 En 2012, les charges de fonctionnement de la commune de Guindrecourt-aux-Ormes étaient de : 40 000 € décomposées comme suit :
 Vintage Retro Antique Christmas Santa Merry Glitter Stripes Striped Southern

--

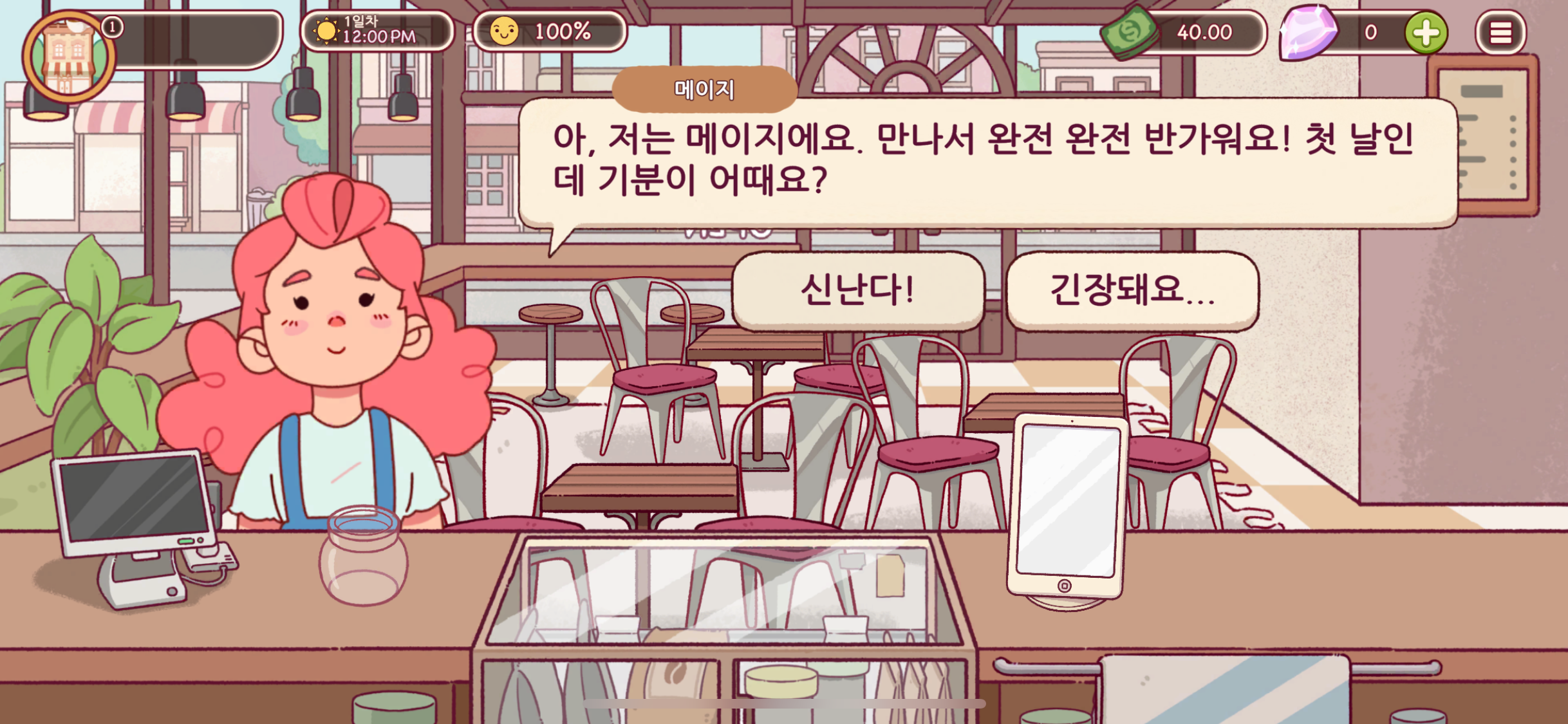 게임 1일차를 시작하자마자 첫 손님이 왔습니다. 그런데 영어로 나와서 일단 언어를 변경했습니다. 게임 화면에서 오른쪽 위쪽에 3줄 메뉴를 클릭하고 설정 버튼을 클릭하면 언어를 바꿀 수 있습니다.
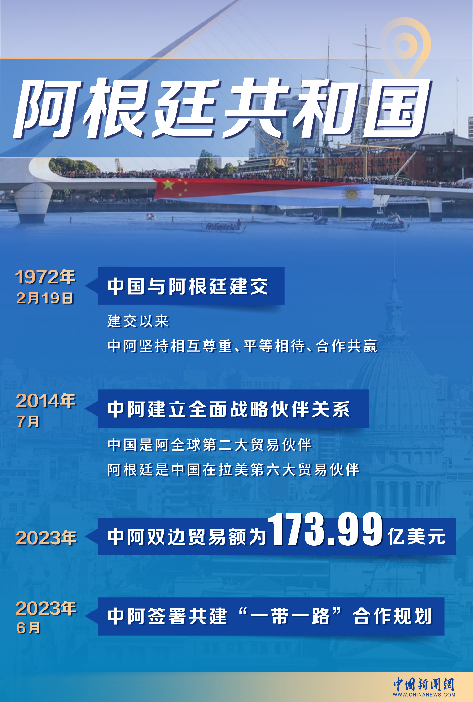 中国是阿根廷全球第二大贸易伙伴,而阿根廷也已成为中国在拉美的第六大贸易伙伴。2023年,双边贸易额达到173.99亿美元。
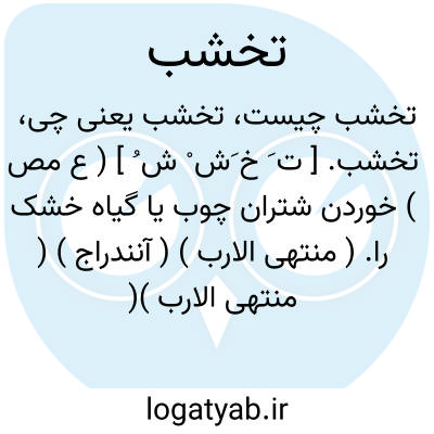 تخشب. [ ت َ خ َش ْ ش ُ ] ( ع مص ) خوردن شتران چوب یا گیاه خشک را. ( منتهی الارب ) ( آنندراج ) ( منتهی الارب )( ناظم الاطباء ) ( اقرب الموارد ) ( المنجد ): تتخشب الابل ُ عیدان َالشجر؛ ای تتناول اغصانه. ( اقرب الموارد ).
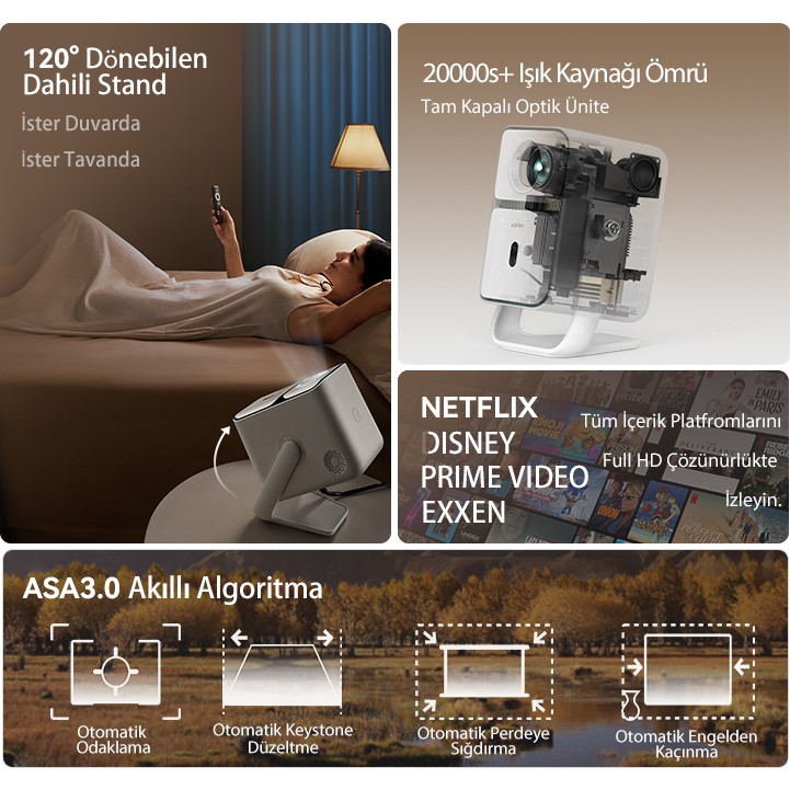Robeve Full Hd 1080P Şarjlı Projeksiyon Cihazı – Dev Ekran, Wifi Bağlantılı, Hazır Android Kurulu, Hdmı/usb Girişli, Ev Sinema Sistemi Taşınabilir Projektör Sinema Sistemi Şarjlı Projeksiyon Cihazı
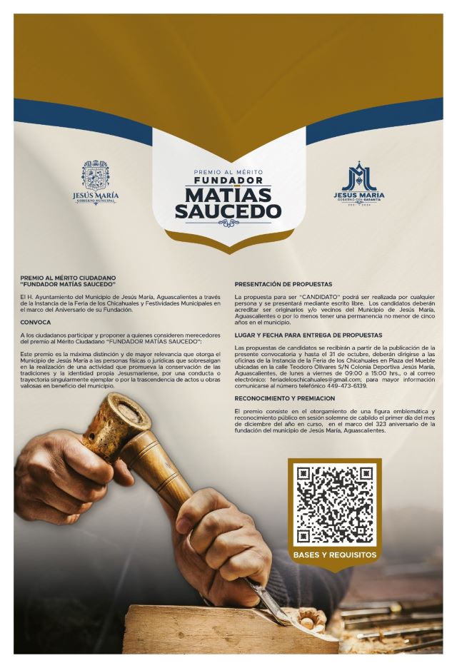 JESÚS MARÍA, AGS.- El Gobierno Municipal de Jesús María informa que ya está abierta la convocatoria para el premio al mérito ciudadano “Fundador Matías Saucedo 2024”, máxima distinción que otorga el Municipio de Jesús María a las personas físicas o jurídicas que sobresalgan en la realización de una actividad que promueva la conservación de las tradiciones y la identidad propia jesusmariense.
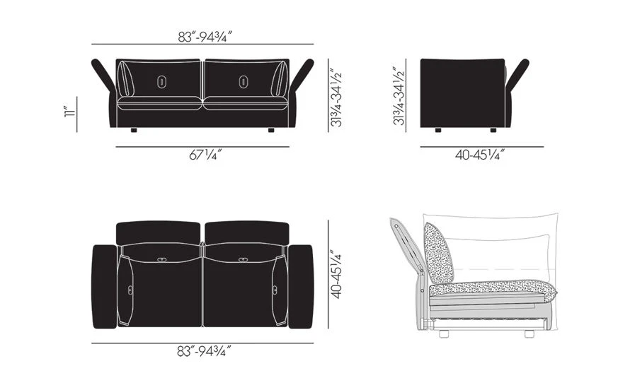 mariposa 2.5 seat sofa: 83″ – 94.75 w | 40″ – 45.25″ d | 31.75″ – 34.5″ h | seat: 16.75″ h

--

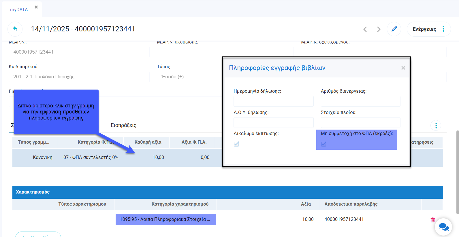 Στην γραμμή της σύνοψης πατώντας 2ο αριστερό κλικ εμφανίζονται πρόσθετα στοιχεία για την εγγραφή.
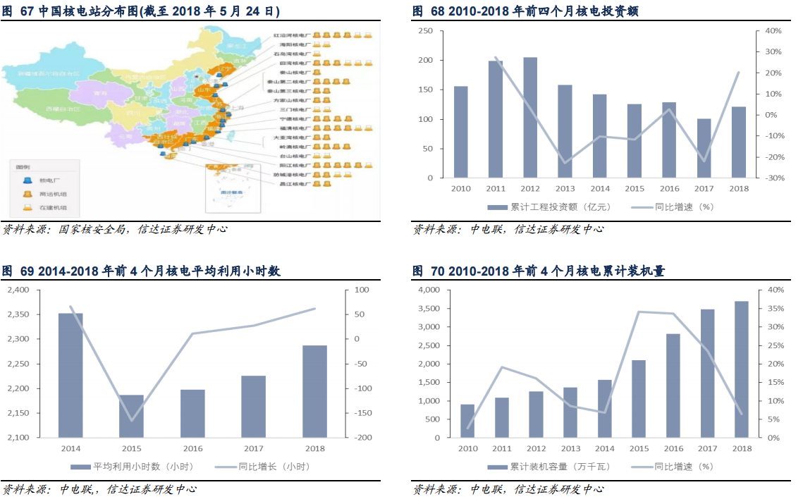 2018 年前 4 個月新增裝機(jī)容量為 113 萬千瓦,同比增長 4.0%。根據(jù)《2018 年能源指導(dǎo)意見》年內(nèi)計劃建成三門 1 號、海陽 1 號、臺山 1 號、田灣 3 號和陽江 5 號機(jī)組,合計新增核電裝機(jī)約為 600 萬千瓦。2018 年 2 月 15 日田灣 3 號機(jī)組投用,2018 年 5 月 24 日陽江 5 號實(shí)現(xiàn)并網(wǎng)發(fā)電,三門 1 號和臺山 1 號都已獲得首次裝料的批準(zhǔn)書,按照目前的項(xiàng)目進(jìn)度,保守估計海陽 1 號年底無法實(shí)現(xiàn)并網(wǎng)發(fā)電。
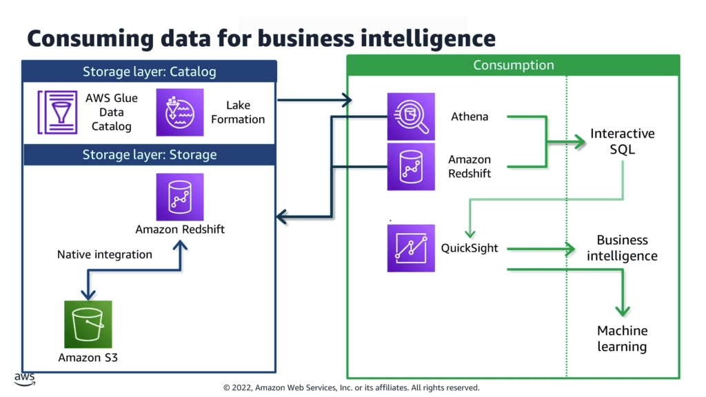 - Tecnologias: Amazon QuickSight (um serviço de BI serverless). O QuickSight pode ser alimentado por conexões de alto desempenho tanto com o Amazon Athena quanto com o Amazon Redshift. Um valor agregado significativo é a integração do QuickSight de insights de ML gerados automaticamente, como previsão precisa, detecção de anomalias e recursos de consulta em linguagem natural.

What to do -
Write out exactly the run of lines above that starts at the line containing "中国是阿根廷全球第二大贸易伙" and ends at the line containing "Robeve Full Hd". Include both, and leave the pictures out.

Answer to this task -
 中国是阿根廷全球第二大贸易伙伴,而阿根廷也已成为中国在拉美的第六大贸易伙伴。2023年,双边贸易额达到173.99亿美元。
 تخشب. [ ت َ خ َش ْ ش ُ ] ( ع مص ) خوردن شتران چوب یا گیاه خشک را. ( منتهی الارب ) ( آنندراج ) ( منتهی الارب )( ناظم الاطباء ) ( اقرب الموارد ) ( المنجد ): تتخشب الابل ُ عیدان َالشجر؛ ای تتناول اغصانه. ( اقرب الموارد ).
Robeve Full Hd 1080P Şarjlı Projeksiyon Cihazı – Dev Ekran, Wifi Bağlantılı, Hazır Android Kurulu, Hdmı/usb Girişli, Ev Sinema Sistemi Taşınabilir Projektör Sinema Sistemi Şarjlı Projeksiyon Cihazı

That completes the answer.